## Information provided
*** Block opens ***

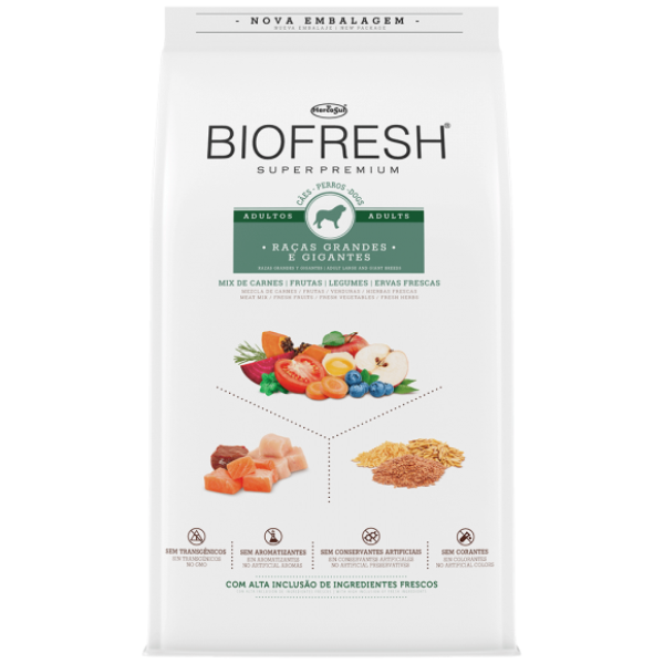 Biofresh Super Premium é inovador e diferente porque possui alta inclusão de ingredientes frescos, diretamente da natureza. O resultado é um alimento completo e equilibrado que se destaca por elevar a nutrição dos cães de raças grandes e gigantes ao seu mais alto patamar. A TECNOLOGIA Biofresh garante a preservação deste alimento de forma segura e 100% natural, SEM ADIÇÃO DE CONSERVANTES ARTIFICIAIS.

*** Block closes ***
*** Block opens ***

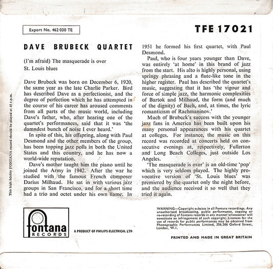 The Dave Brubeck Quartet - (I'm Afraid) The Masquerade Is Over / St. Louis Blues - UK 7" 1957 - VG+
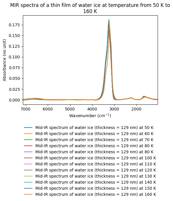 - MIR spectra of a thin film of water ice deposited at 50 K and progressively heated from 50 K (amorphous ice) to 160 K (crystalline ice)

*** Block closes ***
*** Block opens ***

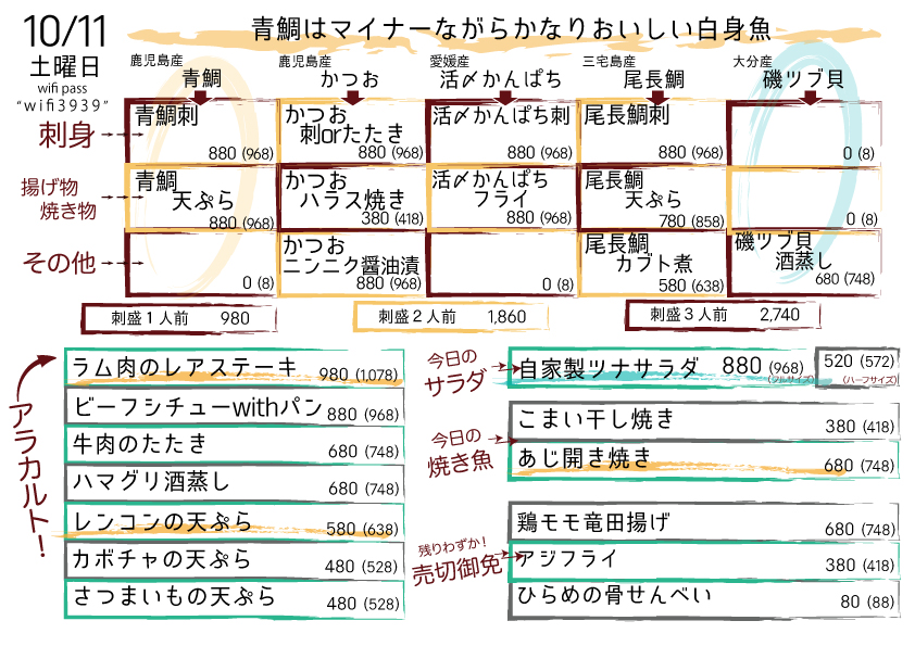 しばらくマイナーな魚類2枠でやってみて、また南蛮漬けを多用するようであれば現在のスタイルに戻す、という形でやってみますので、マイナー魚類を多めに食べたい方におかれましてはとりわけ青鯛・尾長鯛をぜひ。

*** Block closes ***

## Your objective
Beginning at the line above that contains "The Dave Brubeck", repeat each line exactly through the one that contains "- MIR spectra", and leave out the pictures.

## Reply to the task
 The Dave Brubeck Quartet - (I'm Afraid) The Masquerade Is Over / St. Louis Blues - UK 7" 1957 - VG+
 - MIR spectra of a thin film of water ice deposited at 50 K and progressively heated from 50 K (amorphous ice) to 160 K (crystalline ice)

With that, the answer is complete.